Data to process Start Marker

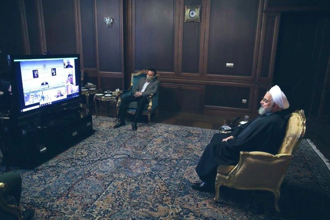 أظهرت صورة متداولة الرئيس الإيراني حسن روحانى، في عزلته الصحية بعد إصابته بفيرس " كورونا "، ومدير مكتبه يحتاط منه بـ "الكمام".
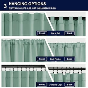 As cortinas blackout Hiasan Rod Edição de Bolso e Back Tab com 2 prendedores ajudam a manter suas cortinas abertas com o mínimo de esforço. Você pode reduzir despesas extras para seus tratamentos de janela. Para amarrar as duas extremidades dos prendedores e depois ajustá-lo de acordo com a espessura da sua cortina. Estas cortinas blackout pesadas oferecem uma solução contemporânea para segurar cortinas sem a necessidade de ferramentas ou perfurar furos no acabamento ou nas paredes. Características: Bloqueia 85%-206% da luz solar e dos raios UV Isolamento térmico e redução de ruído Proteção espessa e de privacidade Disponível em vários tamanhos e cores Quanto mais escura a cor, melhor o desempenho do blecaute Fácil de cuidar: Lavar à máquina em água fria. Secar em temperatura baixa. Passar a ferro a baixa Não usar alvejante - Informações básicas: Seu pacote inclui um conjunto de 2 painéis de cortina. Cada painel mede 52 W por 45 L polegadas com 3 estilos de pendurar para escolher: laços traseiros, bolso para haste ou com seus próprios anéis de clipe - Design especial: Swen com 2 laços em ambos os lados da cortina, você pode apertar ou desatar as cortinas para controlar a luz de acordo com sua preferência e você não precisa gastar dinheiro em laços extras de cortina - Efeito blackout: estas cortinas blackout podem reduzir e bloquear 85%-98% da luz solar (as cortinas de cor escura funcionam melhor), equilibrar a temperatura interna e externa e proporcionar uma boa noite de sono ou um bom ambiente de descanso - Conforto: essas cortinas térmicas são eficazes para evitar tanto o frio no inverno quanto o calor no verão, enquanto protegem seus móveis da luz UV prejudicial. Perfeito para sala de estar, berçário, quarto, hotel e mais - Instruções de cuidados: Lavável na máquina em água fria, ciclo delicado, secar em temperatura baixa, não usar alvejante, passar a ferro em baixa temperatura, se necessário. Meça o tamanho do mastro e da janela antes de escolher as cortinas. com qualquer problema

Data to process End Marker
Data to process Start Marker

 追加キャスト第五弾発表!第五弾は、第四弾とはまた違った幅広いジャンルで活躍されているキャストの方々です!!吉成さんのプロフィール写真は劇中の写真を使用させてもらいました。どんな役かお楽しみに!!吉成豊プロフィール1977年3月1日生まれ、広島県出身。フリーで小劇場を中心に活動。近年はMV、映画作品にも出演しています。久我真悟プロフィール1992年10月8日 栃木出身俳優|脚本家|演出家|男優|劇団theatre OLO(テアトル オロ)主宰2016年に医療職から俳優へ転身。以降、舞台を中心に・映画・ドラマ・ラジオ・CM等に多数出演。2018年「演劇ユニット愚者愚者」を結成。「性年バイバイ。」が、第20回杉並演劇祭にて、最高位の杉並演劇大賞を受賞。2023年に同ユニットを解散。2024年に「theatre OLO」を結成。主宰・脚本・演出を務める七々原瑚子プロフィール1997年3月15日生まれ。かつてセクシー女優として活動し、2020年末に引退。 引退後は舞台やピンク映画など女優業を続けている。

Data to process End Marker

### Task goal
Working from the records above, set down word for word everything from the line containing "أظهرت صورة متداولة" down to the line containing "As cortinas blackout Hiasan", ends included, minus the pictures.

### Result of this exercise
 أظهرت صورة متداولة الرئيس الإيراني حسن روحانى، في عزلته الصحية بعد إصابته بفيرس " كورونا "، ومدير مكتبه يحتاط منه بـ "الكمام".
 As cortinas blackout Hiasan Rod Edição de Bolso e Back Tab com 2 prendedores ajudam a manter suas cortinas abertas com o mínimo de esforço. Você pode reduzir despesas extras para seus tratamentos de janela. Para amarrar as duas extremidades dos prendedores e depois ajustá-lo de acordo com a espessura da sua cortina. Estas cortinas blackout pesadas oferecem uma solução contemporânea para segurar cortinas sem a necessidade de ferramentas ou perfurar furos no acabamento ou nas paredes. Características: Bloqueia 85%-206% da luz solar e dos raios UV Isolamento térmico e redução de ruído Proteção espessa e de privacidade Disponível em vários tamanhos e cores Quanto mais escura a cor, melhor o desempenho do blecaute Fácil de cuidar: Lavar à máquina em água fria. Secar em temperatura baixa. Passar a ferro a baixa Não usar alvejante - Informações básicas: Seu pacote inclui um conjunto de 2 painéis de cortina. Cada painel mede 52 W por 45 L polegadas com 3 estilos de pendurar para escolher: laços traseiros, bolso para haste ou com seus próprios anéis de clipe - Design especial: Swen com 2 laços em ambos os lados da cortina, você pode apertar ou desatar as cortinas para controlar a luz de acordo com sua preferência e você não precisa gastar dinheiro em laços extras de cortina - Efeito blackout: estas cortinas blackout podem reduzir e bloquear 85%-98% da luz solar (as cortinas de cor escura funcionam melhor), equilibrar a temperatura interna e externa e proporcionar uma boa noite de sono ou um bom ambiente de descanso - Conforto: essas cortinas térmicas são eficazes para evitar tanto o frio no inverno quanto o calor no verão, enquanto protegem seus móveis da luz UV prejudicial. Perfeito para sala de estar, berçário, quarto, hotel e mais - Instruções de cuidados: Lavável na máquina em água fria, ciclo delicado, secar em temperatura baixa, não usar alvejante, passar a ferro em baixa temperatura, se necessário. Meça o tamanho do mastro e da janela antes de escolher as cortinas. com qualquer problema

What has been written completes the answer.